For western blot analysis, cells were lysed and protein concentration was quantified as described.40 Thirty to 40 microgram of protein was loaded for SDS-PAGE. The membranes were incubated overnight at +4°C with appropriate primary antibody. β-actin or β-tubulin (Sigma-Aldrich Sweden AB) were used as loading control. Secondary peroxidase-conjugated anti-mouse or anti-rabbit antibodies were from Cell Signaling. Bands were visualized by SuperSignal West Pico chemiluminescent substrate (Pierce) according to the manufacturer's protocol. The images were captured using an LAS-1000 from Fujifilm. Quantification of the band intensity was performed using Image Gauge, Fujifilm. For immunoprecipitation, IP, cells were lysed in IP buffer (1% Triton X-100, 40 mM Hepes, pH 7.5, 120 mM NaCl, 1 mM EDTA, 2,5 mM sodium pyrophosphate and sodium orthovanadate, 10 mM glycerophosphate, 10 mM NaF (all from Sigma-Aldrich Sweden AB) and protease inhibitor cocktail from Roche 1 : 100), and 1 mg of proteins were subjected to IP with anti-PML mAbs overnight. After incubation with protein G-coated beads (GammaBind G Sepharose, GE Healthcare) and washes, proteins captured on the beads were separated on PAGE and western was performed using anti-Akt or anti-PML rabbit serum.

Transmission electron microscopy

RS4;11 cells were incubated with Dex 100 nM for 24 and 36 h. After indicated times cells were harvested and processed as described.41 Micrographs were taken at 2000–2500 × magnification and printed copies were used for evaluation.

Constructs, siRNA and transfections

CMV5-HA PKBα T308D/S437D (Akt DD), encoding PKB/Akt with mutations that mimic the effect of phosphorylation at corresponding residues, was a kind gift from Dr. DR Alessi at the University of Dundee, Dundee, Scotland, UK.28 GFP-LC3 was a kind gift from Dr. N Mizushima at the Tokyo Metropolitan Institute of Medical Science, Tokyo, Japan and Dr. T Yoshimori at the National Institute of Genetics, Tokyo, Japan.18 RS4;11 cells (4 × 106) were co-transfected with 7.5 or 5 μg of plasmids by Amaxa nucleofection (Reactionlab Sverige AB, Uppsala, Sweden), using solution R, program X-01 according to the manufacturer's instructions.

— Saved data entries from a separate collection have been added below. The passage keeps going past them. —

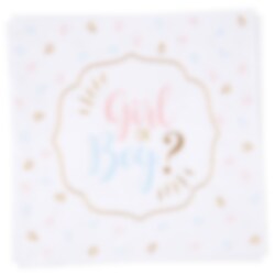 20 kpl suloisia servettejä tyylikkäillä yksityiskohdilla. Servetit ovat sinisiä ja vaaleanpunaisia, ja niissä on kultaisia folioyksityiskohtia sekä teksti "Girl or Boy?" keskellä.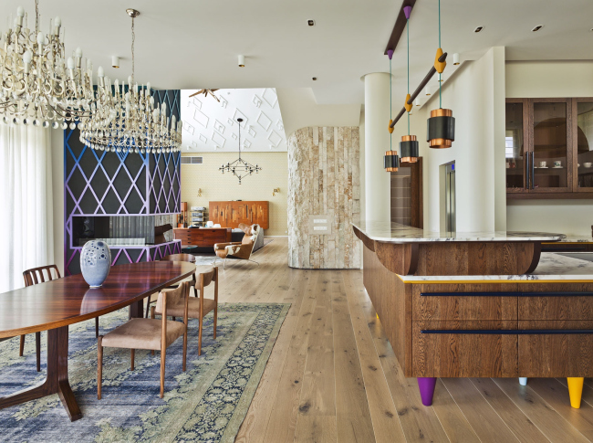 The furniture project of "Python" is the result of subtle and painstaking selection work. The furniture collection was selected not from the catalogues of the world-famous brands but from the galleries and antique shops of European capitals. Some pieces of furniture, for example, the L-shaped kitchen island or some of the lights were developed by Arseny Leonovich and the team of PANACOM specifically for this project.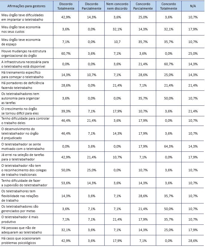 No tocante às vantagens e desvantagens, 85,7% dos gestores acreditam que os teletrabalhadores têm autonomia para organizar tarefas, 82,2% afirmam que eles se sentem motivados para o teletrabalho e 64,3% que eles têm flexibilidade nas relações de trabalho. Por outro lado, 21,5% acham que o desenvolvimento dentro do órgão ficou prejudicado e 14,1% acreditam que eles não são reconhecidos pelos colegas de trabalho.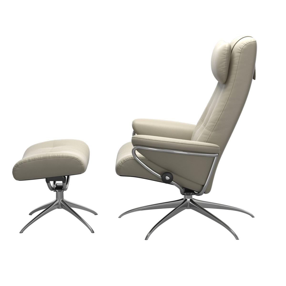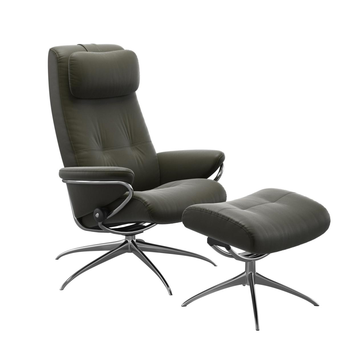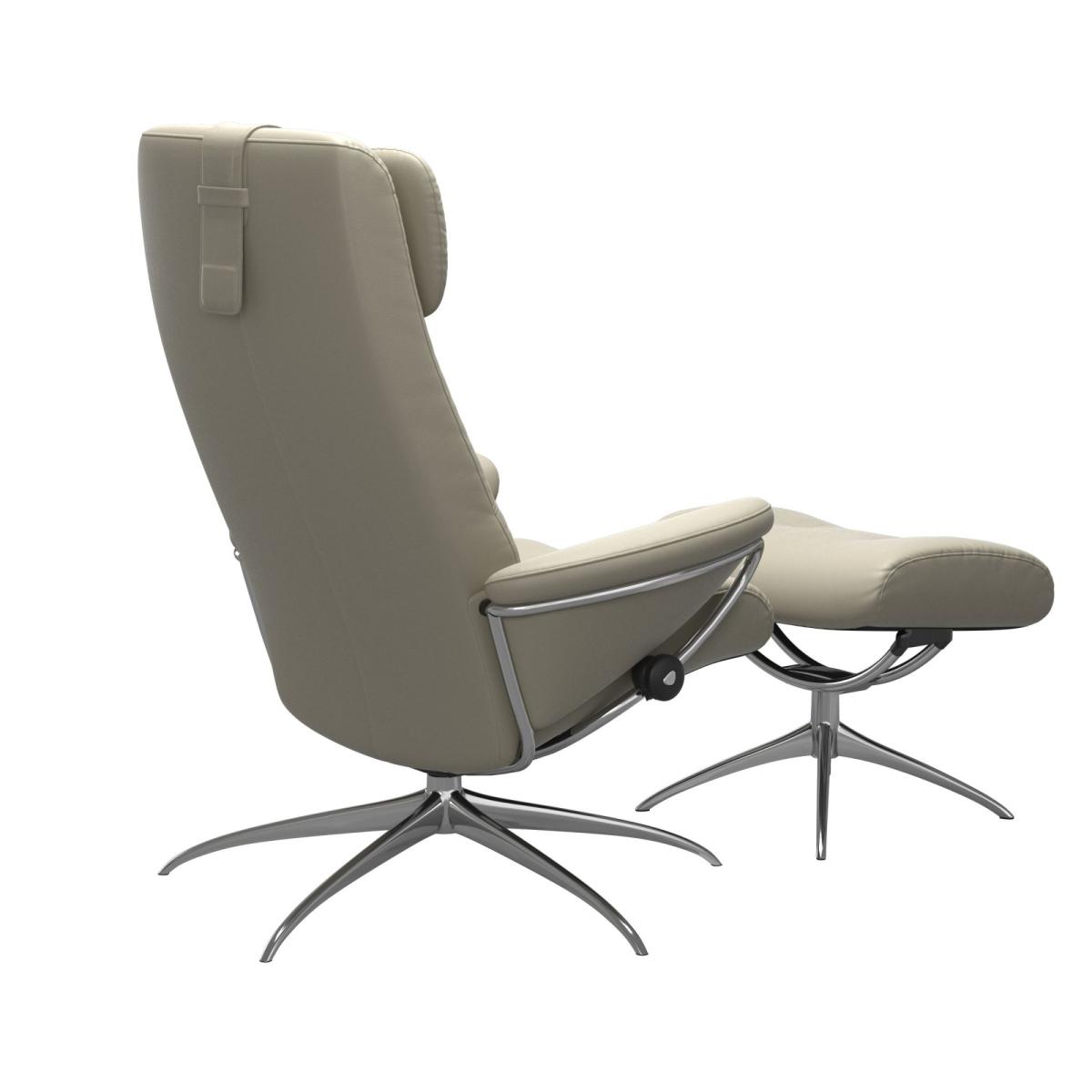 The Stressless® Berlin recliner has a retro vibe that has withstood the test of time for decades. While the sleek outline gives it a modern edge, on the inside you will find all the classic Stressless® comfort technology. This model comes with a high back and footstool so you can put your feet up and relax, and the star base offers both support and style which is always a winning combination. Choose from different leather grades and colours to make this recliner and footstool truly your own!.

Following the transfection, cells were plated in 2 ml of growth medium and cultured for 24 h and then treated with 100 nM of Dex for the indicated time. siRNA against Lamin (cat. D-001050-01-05), siRNA against GFP (cat. P-002048-01-20) and siRNA corresponding to the following cDNA sequence 5′-CAGTTTGGCACAATCAATA-3′ for Beclin 1 were purchased from Dharmacon (Lafayette, CO, USA). The siRNA 5′-GAGUCGGCCGACUUCUGGU(dTdT)-3 for PML was purchased from MWG-Biotech AG (Ebersberg, Germany). For siRNA transfections, RS4;11 cells (4 × 106) were electroporated using Amaxa nucleofection. Cells were immediately diluted in 2 ml of growth medium and cultured for 48 h for further treatments and analysis. Final concentration of 5–20 nM of siRNA against Beclin 1 or 60 nM of siRNA against PML was used. The same amount of siRNA against lamin was used as control. Co-transfection with GFP was used together with Akt DD or Beclin 1 siRNA for cell death and autophagy assessment. Cell death was assessed as PI positivity in GFP-gated cells or by Annexin V staining in total populations analyzed by flow cytometry. Autophagosome formation was assessed by MDC staining in the total or the GFP-positive cell population by microscopy or FACS. Transfection efficacy according to GFP gating varied between 2 and 9%.